Breast Cancer Spread to Brain: Symptoms & Treatments

Breast cancer brain metastases occur when cancer cells from a primary breast tumor travel to the brain and form new tumors. This indicates the disease has spread beyond its initial site, representing a progression of the existing breast cancer.

Understanding Breast Cancer Brain Metastases

Breast cancer cells detach from the primary tumor and enter the bloodstream or lymphatic system. These circulating tumor cells then reach the brain. Once there, they must overcome the blood-brain barrier, a protective lining of small blood vessels that typically prevents harmful substances from entering the brain.

Certain proteins on the surface of these tumor cells may help them breach this barrier and establish themselves in brain tissue. Other proteins inside the cells may shield them from the brain’s immune response, allowing them to grow. This process involves specific molecular signatures that direct the cancer’s spread to the brain.

The incidence of breast cancer brain metastases has been increasing, as advancements in treatment allow patients with metastatic breast cancer to live longer. Brain metastases occur in about 10-15% of all women diagnosed with metastatic breast cancer, but the risk varies significantly depending on the breast cancer subtype.

HER2-positive and triple-negative breast cancers (TNBC) are more prone to developing brain metastases compared to hormone receptor-positive, HER2-negative subtypes. Approximately 25-50% of people with TNBC and 30-50% of those with HER2-positive disease may develop brain metastases. In contrast, the rate for hormone receptor-positive (HR+) disease is around 14%.

Identifying Symptoms and Diagnosis

When breast cancer spreads to the brain, it can cause various neurological symptoms. Common indicators include severe or persistent headaches, new or worsening seizures, and visual disturbances like blurred or double vision.

Individuals may also experience cognitive changes, including confusion, memory issues, or difficulty concentrating. Physical symptoms can involve impaired balance or coordination, and weakness or numbness, often affecting one side of the body. These symptoms arise from the pressure the growing tumors exert on brain tissue or from disruption of normal brain function.

Diagnosis begins with a clinical evaluation based on reported neurological symptoms. If brain involvement is suspected, advanced imaging techniques are utilized. Magnetic Resonance Imaging (MRI) is the preferred and most sensitive tool for detecting brain metastases, offering detailed views of tumor location, size, and number, often enhanced with contrast dye.

Computed Tomography (CT) scans may be used if an MRI is not feasible. If imaging results are inconclusive or if leptomeningeal disease (cancer spread to the membranes surrounding the brain and spinal cord) is suspected, a lumbar puncture may be performed to examine cerebrospinal fluid for cancer cells. A biopsy may also be conducted if the diagnosis remains uncertain.

Treatment Options for Brain Metastases

Treatment for breast cancer brain metastases involves a combination of local and systemic therapies. Local treatments directly address tumors in the brain. Surgery, or resection, involves the removal of one or more tumors, particularly when accessible and causing significant symptoms.

Radiation therapy is another local approach. Whole-brain radiation therapy (WBRT) delivers radiation to the entire brain, aiming to control widespread microscopic disease. Stereotactic radiosurgery (SRS) is a more focused radiation that delivers high doses to specific tumor sites with precision, minimizing damage to surrounding healthy brain tissue. Combining SRS with WBRT can improve intracranial tumor control rates.

Systemic treatments target cancer cells throughout the body. Chemotherapy uses powerful drugs to kill rapidly dividing cancer cells. Targeted therapies, such as HER2 inhibitors, block specific pathways cancer cells use to grow and spread, especially for HER2-positive breast cancer. For example, tucatinib, in combination with capecitabine and trastuzumab, has shown improved progression-free survival for patients with HER2-positive breast cancer brain metastases.

Immunotherapy helps the body’s immune system recognize and destroy cancer cells. Steroids are often prescribed to reduce brain swelling and pressure, alleviating symptoms.
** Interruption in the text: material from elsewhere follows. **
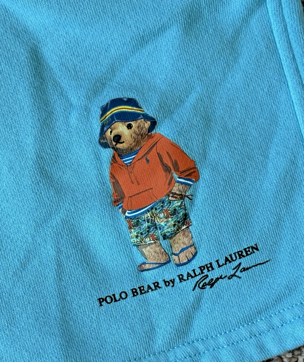 - Ralph Lauren Polo Bear Aqua Blue Boy's Drawstring Sweat Shorts - Size M (10 -12)

Treatment choice depends on the number and size of metastases, the specific breast cancer subtype, and the patient’s overall health.
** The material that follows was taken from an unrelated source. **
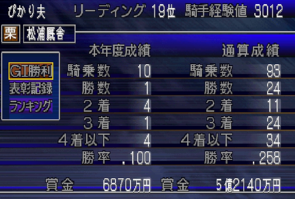 10戦して1勝と、勝率はイマイチも幸先よく重賞制覇。また人気薄での上位入線が多く、調教師からの信頼も大幅にアップした。特に林調教師(64⇒73)や芦口調教師(55⇒63)。

Managing Life with Brain Metastases

Living with breast cancer brain metastases requires supportive care and maintaining quality of life. While the prognosis has historically been challenging, advancements in treatment have led to improved outcomes. Overall survival for breast cancer patients with brain metastasis is now closer to over two years, with a life expectancy of three years for those with HER2-positive tumors.
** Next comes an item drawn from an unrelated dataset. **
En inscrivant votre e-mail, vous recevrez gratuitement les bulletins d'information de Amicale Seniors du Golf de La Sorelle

Symptom management is a significant aspect of care. Medications may be prescribed to control specific symptoms, such as anti-seizure drugs or corticosteroids to reduce brain swelling. Physical therapy, occupational therapy, and speech therapy can also help manage neurological deficits and improve daily functioning.

A multidisciplinary team approach is employed, involving oncologists, neurosurgeons, radiation oncologists, neurologists, and palliative care specialists. This collaborative effort addresses all aspects of the patient’s physical and emotional well-being. The focus remains on controlling cancer progression, managing symptoms, and supporting the patient in maintaining independence and comfort.